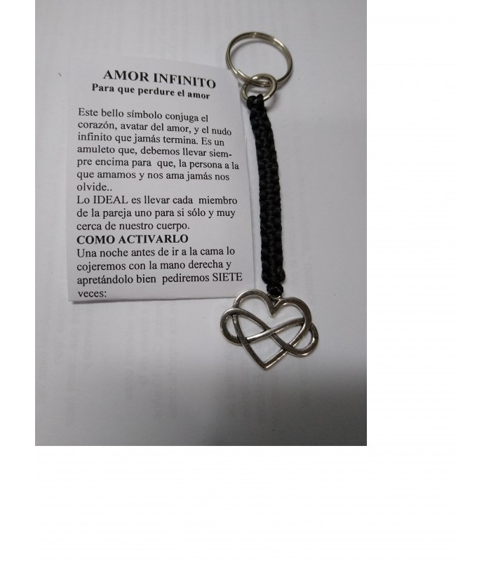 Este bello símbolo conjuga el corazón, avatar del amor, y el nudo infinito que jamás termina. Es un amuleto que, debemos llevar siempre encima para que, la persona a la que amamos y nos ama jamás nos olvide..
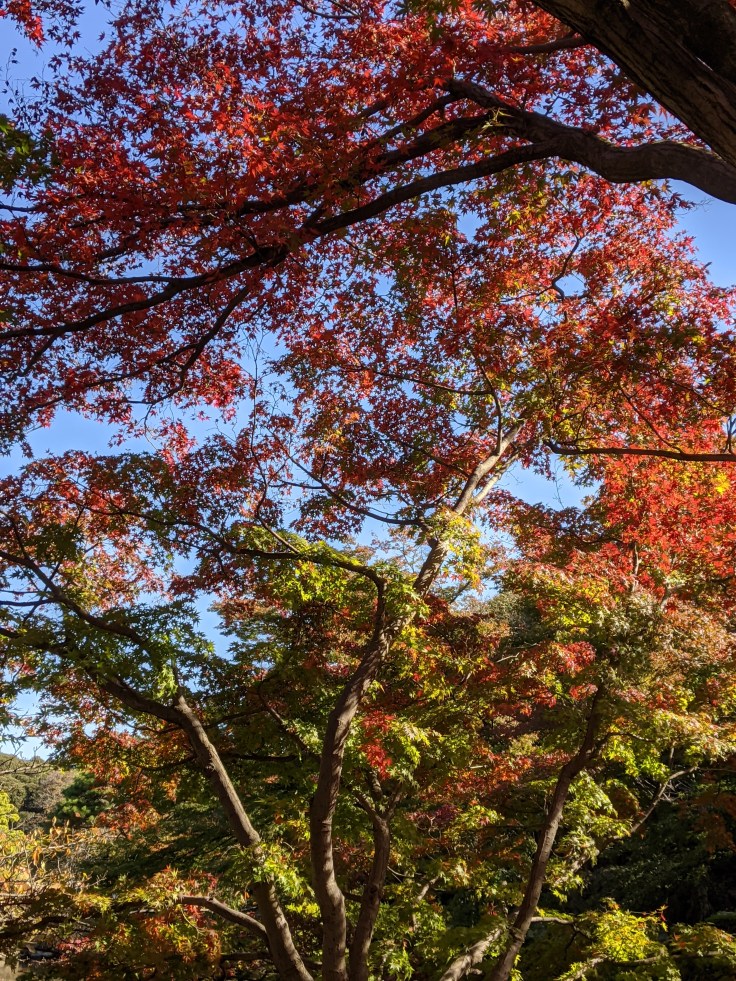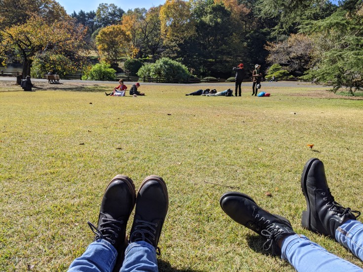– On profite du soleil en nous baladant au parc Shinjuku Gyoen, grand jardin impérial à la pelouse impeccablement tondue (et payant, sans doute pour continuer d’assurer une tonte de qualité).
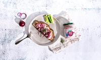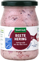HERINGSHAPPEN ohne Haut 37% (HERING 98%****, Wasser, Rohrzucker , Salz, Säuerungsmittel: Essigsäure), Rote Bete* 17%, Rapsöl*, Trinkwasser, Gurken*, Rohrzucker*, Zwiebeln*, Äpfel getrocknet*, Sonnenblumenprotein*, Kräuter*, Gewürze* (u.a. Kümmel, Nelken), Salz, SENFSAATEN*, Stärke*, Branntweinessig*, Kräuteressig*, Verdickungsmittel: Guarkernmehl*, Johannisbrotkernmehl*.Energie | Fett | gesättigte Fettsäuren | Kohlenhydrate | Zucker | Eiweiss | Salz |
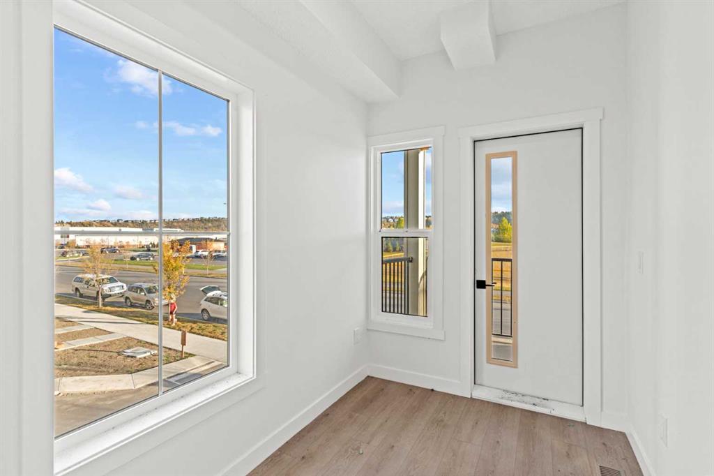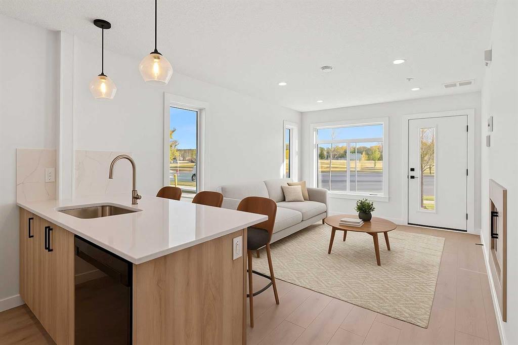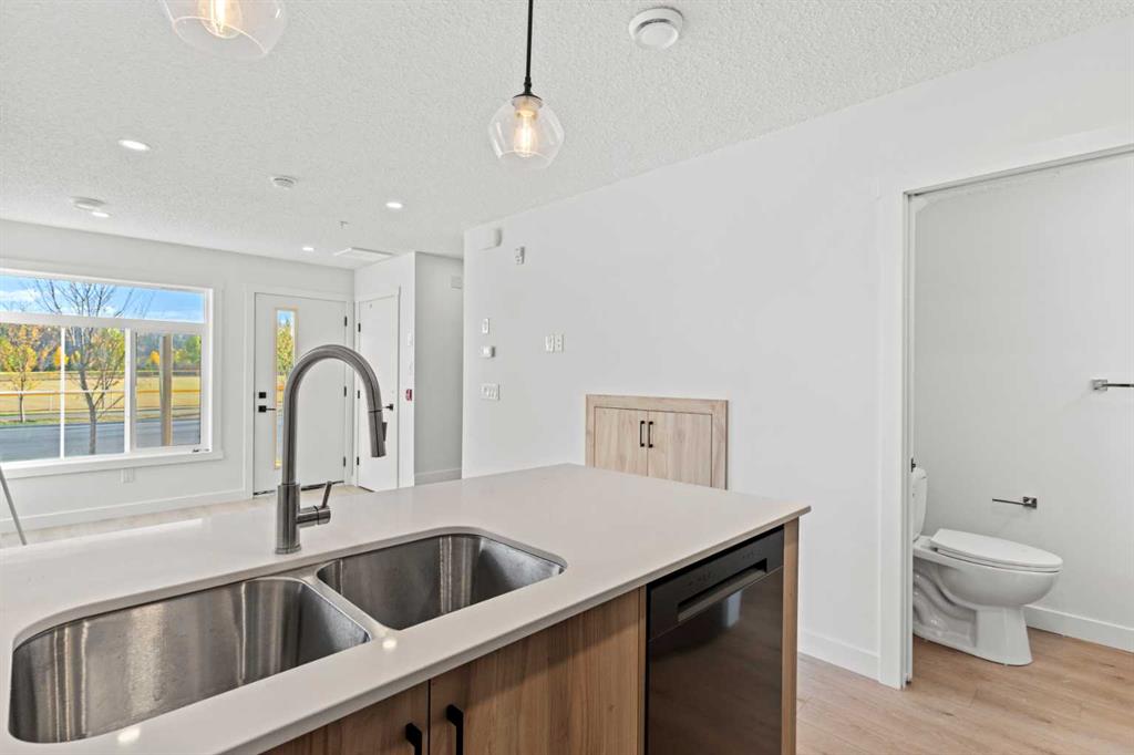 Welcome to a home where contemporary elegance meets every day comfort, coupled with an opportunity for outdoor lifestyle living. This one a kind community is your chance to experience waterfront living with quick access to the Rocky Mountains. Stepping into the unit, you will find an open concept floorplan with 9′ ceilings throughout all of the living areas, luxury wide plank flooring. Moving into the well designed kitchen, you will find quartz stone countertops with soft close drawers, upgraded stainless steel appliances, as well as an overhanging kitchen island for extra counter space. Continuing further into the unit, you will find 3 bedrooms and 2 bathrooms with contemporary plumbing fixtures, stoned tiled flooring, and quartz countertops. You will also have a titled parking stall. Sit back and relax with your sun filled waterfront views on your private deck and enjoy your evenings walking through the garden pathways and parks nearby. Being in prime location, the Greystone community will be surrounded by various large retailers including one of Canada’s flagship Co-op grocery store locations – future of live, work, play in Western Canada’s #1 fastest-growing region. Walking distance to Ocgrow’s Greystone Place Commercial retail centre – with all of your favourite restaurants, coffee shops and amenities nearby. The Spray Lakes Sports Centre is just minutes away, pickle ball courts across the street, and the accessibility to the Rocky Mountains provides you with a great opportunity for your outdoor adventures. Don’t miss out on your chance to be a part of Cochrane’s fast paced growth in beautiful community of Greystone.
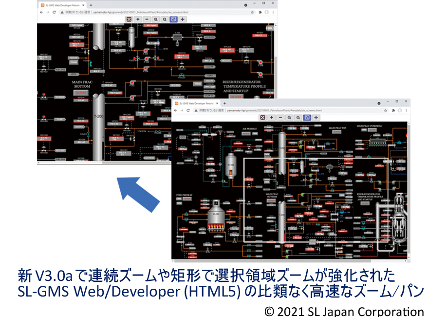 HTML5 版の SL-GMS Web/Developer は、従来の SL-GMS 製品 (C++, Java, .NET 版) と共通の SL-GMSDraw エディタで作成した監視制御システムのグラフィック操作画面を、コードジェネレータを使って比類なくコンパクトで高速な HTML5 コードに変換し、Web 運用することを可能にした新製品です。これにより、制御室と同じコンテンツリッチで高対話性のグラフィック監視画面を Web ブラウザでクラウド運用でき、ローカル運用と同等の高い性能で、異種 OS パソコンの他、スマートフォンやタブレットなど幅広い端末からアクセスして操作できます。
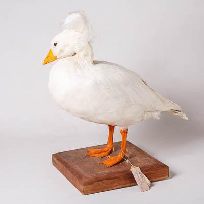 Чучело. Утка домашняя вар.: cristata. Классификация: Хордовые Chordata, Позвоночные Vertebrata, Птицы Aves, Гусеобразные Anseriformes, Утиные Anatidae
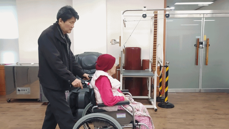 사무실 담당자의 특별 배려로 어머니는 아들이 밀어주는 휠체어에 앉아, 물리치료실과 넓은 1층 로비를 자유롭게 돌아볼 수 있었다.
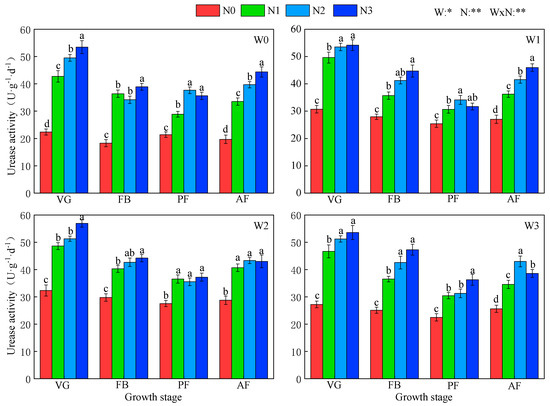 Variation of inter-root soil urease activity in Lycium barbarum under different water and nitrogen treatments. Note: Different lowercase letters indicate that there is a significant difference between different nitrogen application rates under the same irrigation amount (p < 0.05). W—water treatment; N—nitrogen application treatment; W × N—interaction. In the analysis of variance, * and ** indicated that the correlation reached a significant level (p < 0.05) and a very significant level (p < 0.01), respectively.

__What is required__: Please retype the entries above word for word, but only from the line containing "HTML5 版の SL-GMS" through the last line, and without the pictures.

__Exercise solution__:
 HTML5 版の SL-GMS Web/Developer は、従来の SL-GMS 製品 (C++, Java, .NET 版) と共通の SL-GMSDraw エディタで作成した監視制御システムのグラフィック操作画面を、コードジェネレータを使って比類なくコンパクトで高速な HTML5 コードに変換し、Web 運用することを可能にした新製品です。これにより、制御室と同じコンテンツリッチで高対話性のグラフィック監視画面を Web ブラウザでクラウド運用でき、ローカル運用と同等の高い性能で、異種 OS パソコンの他、スマートフォンやタブレットなど幅広い端末からアクセスして操作できます。
 Чучело. Утка домашняя вар.: cristata. Классификация: Хордовые Chordata, Позвоночные Vertebrata, Птицы Aves, Гусеобразные Anseriformes, Утиные Anatidae
 사무실 담당자의 특별 배려로 어머니는 아들이 밀어주는 휠체어에 앉아, 물리치료실과 넓은 1층 로비를 자유롭게 돌아볼 수 있었다.
 Variation of inter-root soil urease activity in Lycium barbarum under different water and nitrogen treatments. Note: Different lowercase letters indicate that there is a significant difference between different nitrogen application rates under the same irrigation amount (p < 0.05). W—water treatment; N—nitrogen application treatment; W × N—interaction. In the analysis of variance, * and ** indicated that the correlation reached a significant level (p < 0.05) and a very significant level (p < 0.01), respectively.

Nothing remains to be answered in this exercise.